4_Prokaryotes folder (1_Extract_Headers.sh 2_Extract_Sequences.sh Rename.sh)

  1. 1_Extract_Headers.sh - greps "Prokaryota" with the '-i' option and creates an XYZ.txt file with a list of all found entries with the Fasta sequence header and without the '>' symbol.
  2. 2_Extract_Sequences.sh - takes the .txt files created with the Prokaryotes and extracts the sequences from the dataset.
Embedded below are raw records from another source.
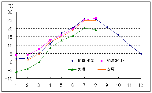 Fig.16 月単位平均気温(気象庁観測データを引用)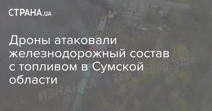 Як стверджується в публікаціях, на відео знято атаку "шахедів" за складом з паливом у районі села Чорноплатове Сумської області.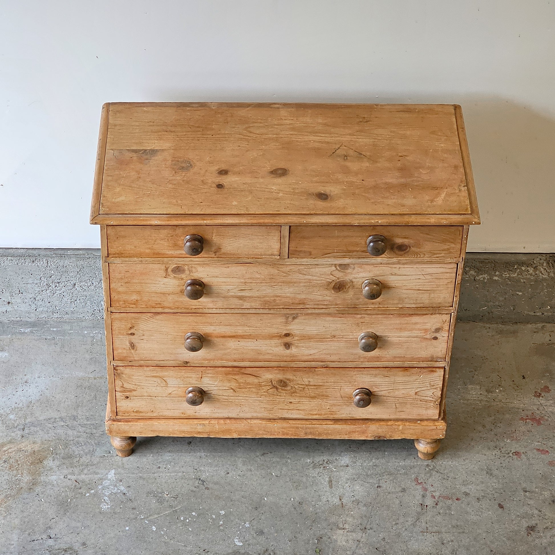 A lovely mid-19th century English pine chest, circa 1870, full of the gentle character that only time can give. Its classic configuration—two smaller top drawers over three full-width drawers—offers practical storage while keeping the proportions beautifully balanced. Each drawer retains its original turned wooden knobs and charming keyholes, subtle details that speak to its age and authenticity.
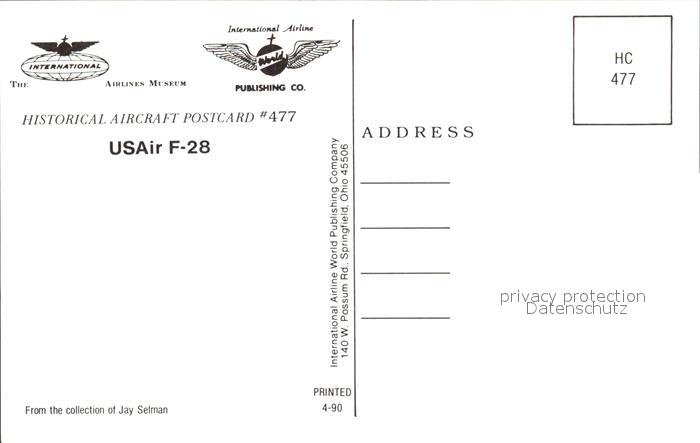 Flugzeuge Zivil USAir F-28 postalisch nicht gelaufen Erhaltung siehe scans

Creates an XYZ.filtered.fna file for each gene.
  3. Rename.sh - Renames the XYZ.filtered.fna files to XYZ.prokaryotes.fa with the gene name as the prefix.

5_Merge folder (1_Rename_hits.sh 2_Merge.sh)

  1. 1_Rename_hits.sh - Renames Blast hits from Script 2 from XYZ_hits.hits.fa to XYZ.hits.fa
  2. 2_Merge.sh - Merges all Prokaryote, Paralog and Blast hits into 1 file for each gene (called XYZ.merged.fa)

3_Scripts_Trees

  1. 1_Remove_duplicates.sh: Removes duplicates created during merging of the files and stores the duplicates to .txt files based on the gene name
  2. 2_Batch_Tree.sh: Batch executes the tree-making script over all the FASTA files in a directory
  3. 3_Trees.sh: Creates trees with specified options, used by 2_Batch_Tree to batch execute multiple trees at a time
  4. color_treesMRO.Para.pl: Perl script to colour taxa in Nexus Trees. !!!Tree-making is in Newick format, convert using FigTree to Nexus!!!
  5. script.pl: Loops over .treefile in a directory and colours all the trees by calling color_treesMRO.Para.pl

4_Scripts_Subset_Data

  1. 1_Blast.sh: Blasts query sequences to created Blast databases and saves results to .txt files per gene
  2. 2_Process.sh: Filters Blast results using bitscore and match length
  3. 3_Extract.sh: Extracts filtered blast hit sequences with blobtools
  4. 4_Rename_hits.sh: Renames Blast hits to .hits.fa
  5. 5_Merge.sh: Merges paralogs, prokaryotes, Blast hits and original dataset
  6. 6_Remove_duplicates.sh: Removed duplicates from the merged files
  7. 7_Align.sh: Aligns the merged final files with MAFFT
  8. 8_Batch_Tree.sh: Batch script to execute tree-making for all aligned files
  9. 9_Trees.sh: Tree-making with IQTree

5_Scripts_Supermatrix

  1. Use catfasta2phyml (https://github.com/nylander/catfasta2phyml) with -c, -v and -f options to concatenate trimmed and aligned FASTA files.
  2. tree.sh: Creates a supermatrix tree using the output from catfasta2phyml.